-”Todos los días mis padres me hablan por teléfono, pero siempre me llaman cuando estoy más ocupado; siempre me piden que vaya a visitarles, que quieren verme y charlar un rato conmigo. No comprenden que siempre ando con el tiempo justo, que tengo que solucionar tantos problemas en la oficina, en la casa, con mi mujer, los niños, los compromisos… en fin, tú ya sabes…
Asimismo cuando me decido ir a su casa, siempre me cuentan las mismas cosas, una y otra vez; me tratan como si todavía fuera un niño. ¿No te pasa a ti lo mismo?
-¡Caray!, dijo Alberto. Se ve que tú si eres un buen hijo…”.
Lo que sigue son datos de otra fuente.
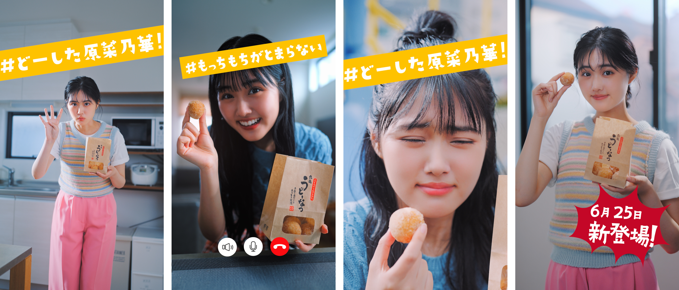 全6篇からなる今回のシリーズ。第1弾「もしももちもちがなくなったら・・・」篇は、「(「丸亀うどーなつ」の)もちもちがこの世から無くなったら・・・」と想像し思わず泣き出す原さんが、最後は泣きながら「今食べておかなきゃ!」と「丸亀うどーなつ」を食べる可愛らしい姿が印象的です。第4弾「カレー味ショックが止まらない」篇、第5弾「絶対絶命!!カレーロス!」篇では、複数のスパイスにフライドオニオン、ガーリックの旨みを加えた、スパイシーな味わいともっちもちの食感の相性がクセになる『丸亀うどーなつ やみつきカレー味』にフォーカスを当て、ドーナツではめずらしいカレー味にやみつきになってしまっている原さんの姿をお届けします。また、第6弾「もちもち一個取られて激おこぷんぷん」篇では、「丸亀うどーなつ」が誰かに食べられていることに気が付き「食べたの!?」「わたしのもちもち返してよ!」と声を上げる原さんの怒った姿にぜひご注目ください。

-”No Alberto, no,… qué más quisiera… yo visito a mis padres en el cementerio, y hablo con ellos desde mi imaginación, pues murieron hace algunos años.
Minutos después los amigos se despidieron. Alberto, ya de regreso, iba meditando las palabras de su amigo. Al llegar a su oficina, y antes de empezar con sus actividades cotidianas, le dijo a su secretaria:
-”Señorita: Deje cualquier cosa a un lado, haga todo lo posible y comuníqueme de inmediato con mis padres por favor. …”.
Queridos lectores: ¿Cuántos hijos hemos vivido, y otros viven aún, aquel adagio que dice: nadie sabe lo que tiene, hasta que lo pierde?
Muchos no comprenden aún que la palabra amorosa, el abrazo afectivo, el ramo de flores, la tarjeta amable, el mensaje de consuelo, la visita personal,… en fin, esos detalles que parecen cursis, pasados de moda, deben ser llevados a cabo oportunamente, sin esperar a un mañana que quizá no llegue jamás, porque la existencia del hombre es efímera, fugaz.
¿Y tú, cuánto hace que no has “tenido un tiempo” para compartir con los tuyos?
“El hombre es como la hierba;
sus días florecen como la flor del campo:
sacudida por el viento, desaparece sin dejar rastro alguno”.